Another interpretation suggests that the two clusters with a high degree of unmet needs may represent a temporal progression from one of the clusters with a low degree of unmet needs. For example, C2 may arise from C1 and C3 may arise from C4. Although this hypothesis cannot be confirmed, the particular distribution of unmet needs categories suggests its plausibility. Future longitudinal studies may be able to provide further details on this connection and potential predictive factors related to the transition between clusters. For example, a recurring theme for clusters C1 and C2 is the high number of unmet needs in the category of access to information. This finding should prompt neurologists to increase the engagement of their patients by (1) improving doctor-patient communication to enable PwMS to be fully informed and active in healthcare decisions; (2) increasing awareness of symptoms, especially the ‘hidden‘ ones and (3) providing greater emphasis on patient-reported outcomes (PROs) to establish a patient-centred approach [12, 13]. These results can be achieved by devoting more effort to informing patients, organizing in-person or telematic meetings and instructing PwMS how to use properly the resources available online.

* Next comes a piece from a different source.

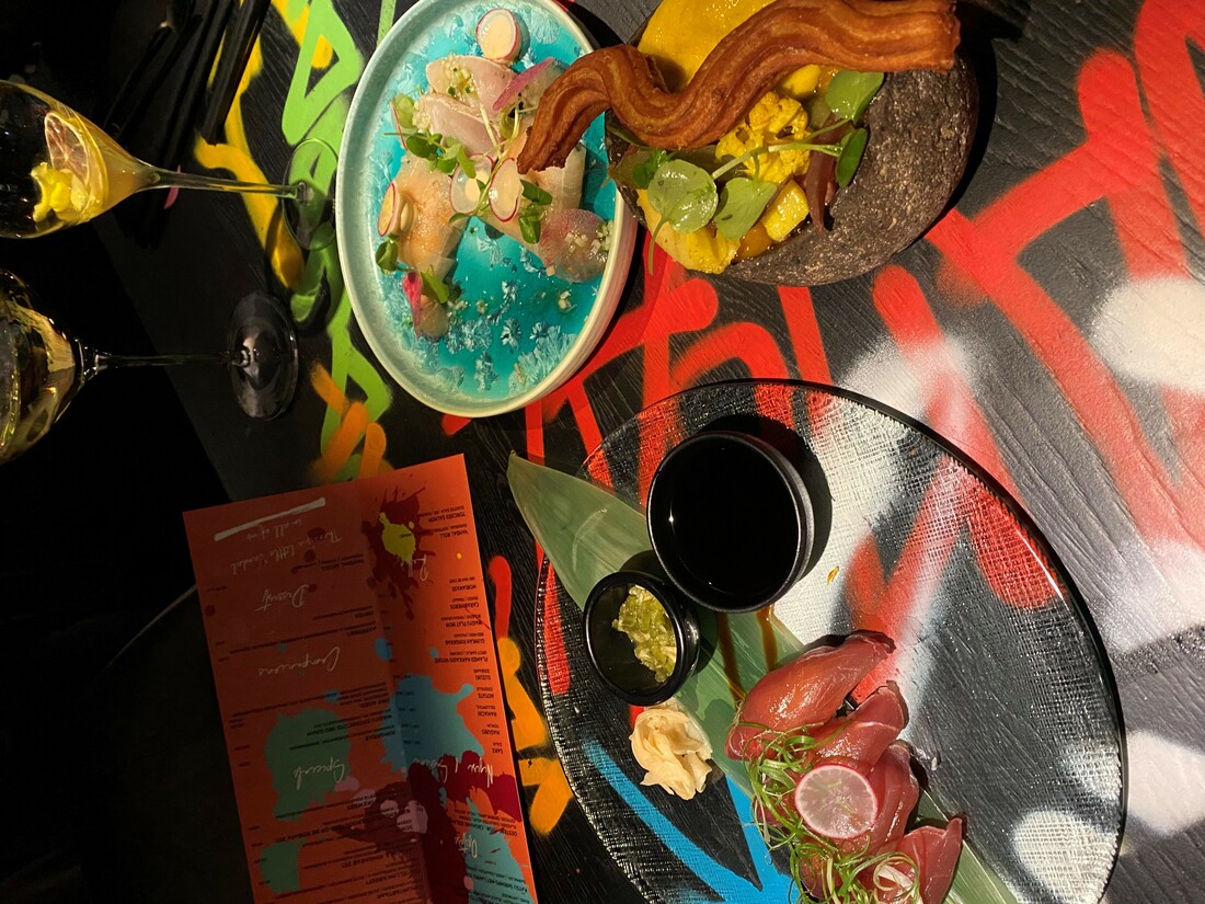 We nemen plaats midden in de zaak aan de artistieke tafels vol graffiti en nemen de nieuwe kaart door. Veel sushi en kleine gerechten, to share or not to share. Als appetizer gaan we voor de guacamole. Deze wordt op tafel voor klaargemaakt. Met het entertainment aan tafel zit het dus ook wel goed. Voor de tweede ronde kiezen we voor verse tonijn sushi, hartige churros, pakketjes van hamachi en kingcrab en kippendijen van de Josper grill. De sushi is super vers, de kippendijen heerlijk mals en de vis pakketjes zijn een smaak explosie in de mond. Maar, waar we nog meer van smullen zijn de hartige churros. Eigenlijk is het een goede tartaar met daarbij churrus. Op de bodem een goede portie tartaar van MRIJ rund, ingelegde groenten en daar bovenop een smaakvolle creme van eierdooier. Hier bovenop de krokante churros. Dit is zo smaakvol, dat het een ‘not to share’ aanduiding op de menukaart verdient. Alles smaakt ons zo goed dat we voor nog een ronde gaan. Short-rib skewers en tortellini van kreeft. Erg mooi opgemaakt op gouden borden die net zo Instagrammable zijn als het interieur en een mini grill. We snappen al die flitsen van foto’s om ons heen wel. Alles ziet er prachtig uit. De tortellini met kreeftensaus is heerlijk en de ziltige groenten die erbij geserveerd worden geven een extra smaak dimensie. De short rib is super mals en smelt in je mond, een goede balans met het knapperige van de pompoenpitten. Ook dit gerecht kan wat ons betreft onder ‘recommended not to share’.

This study provided an updated overview of the unmet needs of Italian PwMS by considering a broad and widely heterogeneous sample. Our findings showed that demographic and clinical variables only partially explain the observed patterns. Indeed, despite sociodemographics and clinicals differ between patients with a higher number of unmet needs in the private sphere (autonomy and social life), they do not allow to discriminate the observed heterogenous patterns. Therefore, the neurologist should pay special attention to the presence of specific unmet needs in all PwMS regardless of the presence or not of unfavourable sociodemographic and clinical features. This approach will provide a deep understanding of each individual’s specific needs, facilitating an effective and personalized approach to address the needs and improve the overall QoL of PwMS.

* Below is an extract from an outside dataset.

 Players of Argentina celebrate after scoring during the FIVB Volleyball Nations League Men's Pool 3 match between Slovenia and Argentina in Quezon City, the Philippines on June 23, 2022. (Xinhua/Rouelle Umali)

Limitations include not having incorporated the rural-urban area differentiation or socioeconomic status and not having assessed the cognitive status and depressive or anxiety symptoms that might have influenced the results. Indeed, more studies are needed to investigate additional variables that were not investigated by the present research. Furthermore, Google Form lacks a feature to detect duplicate entries without compromising respondent anonymity. Despite recognizing this constraint, we prioritized respondent anonymity over the possibility of excluding duplicates. However, since the length of a questionnaire can impact response rates, we believed that only a very small number of users would attempt to respond multiple times [14, 15]. Finally, having employed e-mail and digital media as a means of recruiting PwMS may have limited the study population, thus creating a selection bias. Therefore, as the mean response rate is 39.12%, it is possible that the study only partially reflects the entire population of PwMS.

Conclusion

Our study highlights the significant prevalence of unmet needs among PwMS, pointing to potential shortcomings within the healthcare system in managing chronic diseases such as MS. We identified four distinct patterns of unmet needs, underscoring the necessity of tailoring care to each patient’s specific requirements. While clinical and demographic factors offer some insight, unexplored variables, including cognitive status and socioeconomic factors, could play a role in shaping unmet needs and should be further explored in future research. Addressing these unmet needs on an individual basis has the potential to significantly improve the overall quality of life of PwMS.